# Small Head?



## maureen_mickel (Jul 17, 2011)

Hi! My gsd Celia just turned 1 on june, 1st and her head still looks small! I know that GSD's eventually "Fill out" do you think it will get any bigger?! Her daddy had a big head, her moms was a bit average., maybe alittle smaller. Here is a variety of pictures of celia's head, tell me what you think.


----------



## GatorDog (Aug 17, 2011)

I think she's just perfect for a female. She's a gorgeous girl! :wub:


----------



## Wolfgeist (Dec 4, 2010)

Yep, Hunter just turned one and his head is too small for his body. Very normal. She will fill out. Also, she's gorgeous. <3


----------



## Courtney (Feb 12, 2010)

I think she's very feminine in appearance, I like her

She will fill out more, she's still a baby.


----------



## maureen_mickel (Jul 17, 2011)

Thank you very much guys! She is very gorgeous and im so proud of her! I was just curious to see what would happen cause her paws just looked so huge copared to her head! but yes she is still a baby and a very cute one! Im amazed at how much she has changed! this is her baby picture:


----------



## Courtney (Feb 12, 2010)

OMG, that picture is CUTE! 

When my boy was a pup he was all ears & paws. Then when he was around 6-8 months old was very lanky like a teenage boy. At two he's filled out very nice.


----------



## maureen_mickel (Jul 17, 2011)

ya celia is pretty much all legs, long back, and tail XD She has some nice muscles on her legs from all the walks we do and crazy tricks x3 her chest is still a bit narrow though, but im sure that it will widen eventually.


----------



## childsplay (Jan 28, 2012)

One thing I love about GSDs compared to other breeds is how you can almost always tell the sex of the dog just by the head and face. No one ever thinks my Uther is a female...he has such a masculine little face even at 5 months old.

She is so lovely and I like her head the way it is. I bet she will fill out a bit more though. 

What a pretty girl you have!


----------



## maureen_mickel (Jul 17, 2011)

Thank you! Is that Uther is your avatar? Cause is a handsome sable!

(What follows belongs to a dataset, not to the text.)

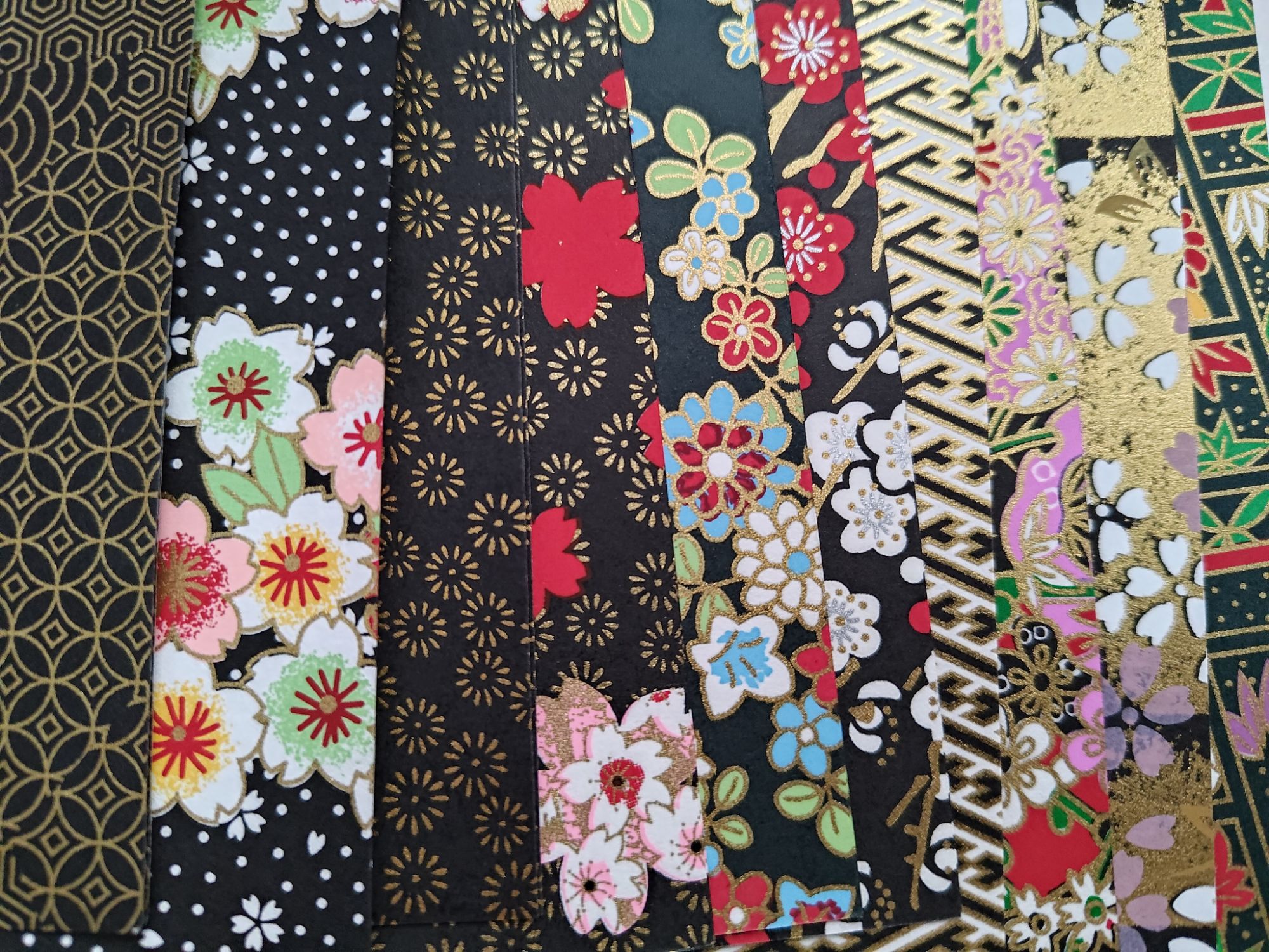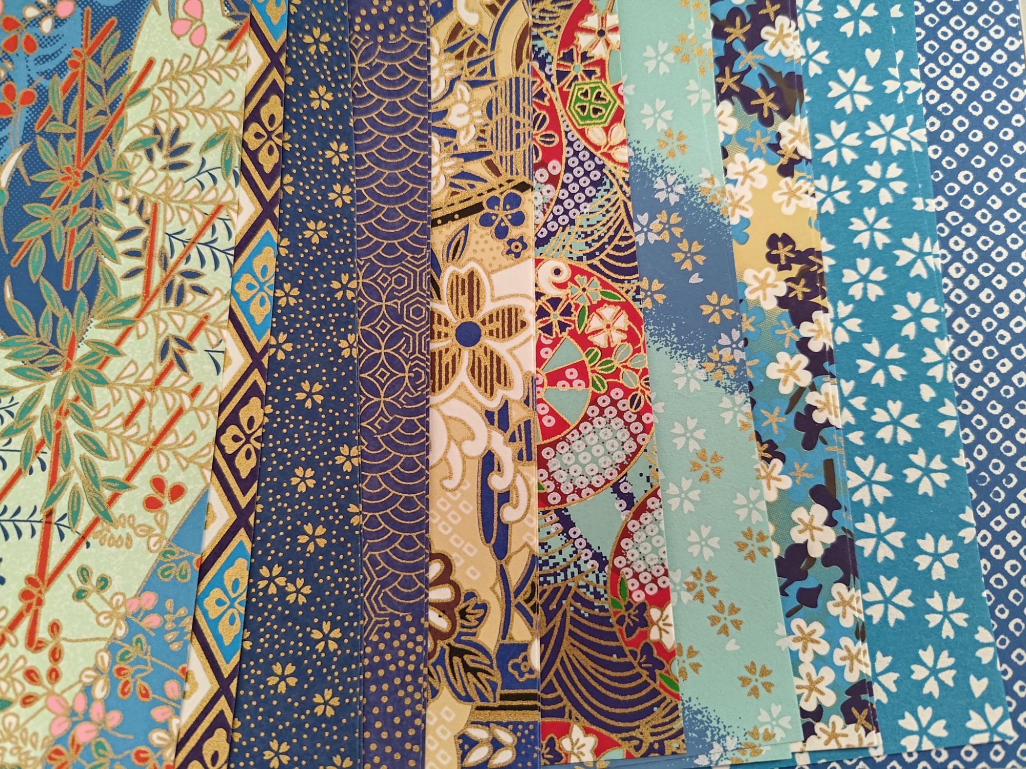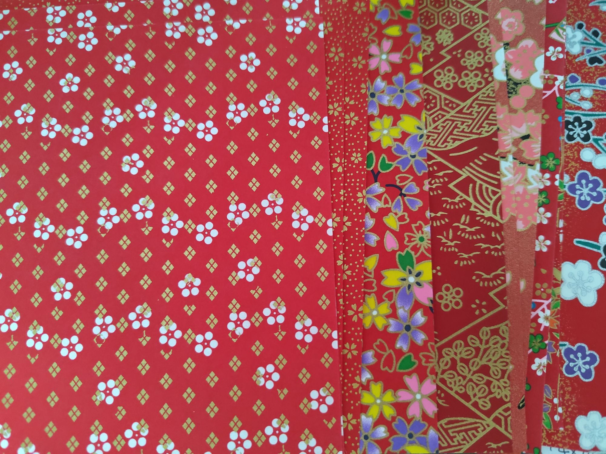 The yuzen washi packs I got are gorgeous. Each pack is a pack of 20 mixed patterned sheets in 14cm square size. I found that all my packs were 10 colours of two sheets each, with lovely gold reflections on most of the patterns. I ordered practically every colour I could get my hands on and it turned out to be a happy coincidence… I now have red, black, blue, green, purple, pink, and gold packs. The pink isn’t pictured below because I forgot to take a photo, and the green set was actually a green-and-gold-themed pack so I did some swapping around with an assorted pack that I also purchased to get a full set of green-themed washi. The gold pack will be pictured later, because I am using it for a different purpose.

Ya when I saw Celia's parents i could tell mother from father right away ecause how masculine dad look and feminine mom looked! It really adds to their personality


----------



## Jo_in_TX (Feb 14, 2012)

I think she's lovely. I'm a big fan of feminine-appearing gsds. Take a look at my avatar; it's an old picture and she's grown a lot, but Teddy (female) has a smallish, very feminine head.


----------



## Brandon720 (Jun 2, 2020)

maureen_mickel said:


> Thank you very much guys! She is very gorgeous and im so proud of her! I was just curious to see what would happen cause her paws just looked so huge copared to her head! but yes she is still a baby and a very cute one! Im amazed at how much she has changed! this is her baby picture:


Ok is there is there something going on with my 5 week old.... His ears haven't shown any signs of standing up


----------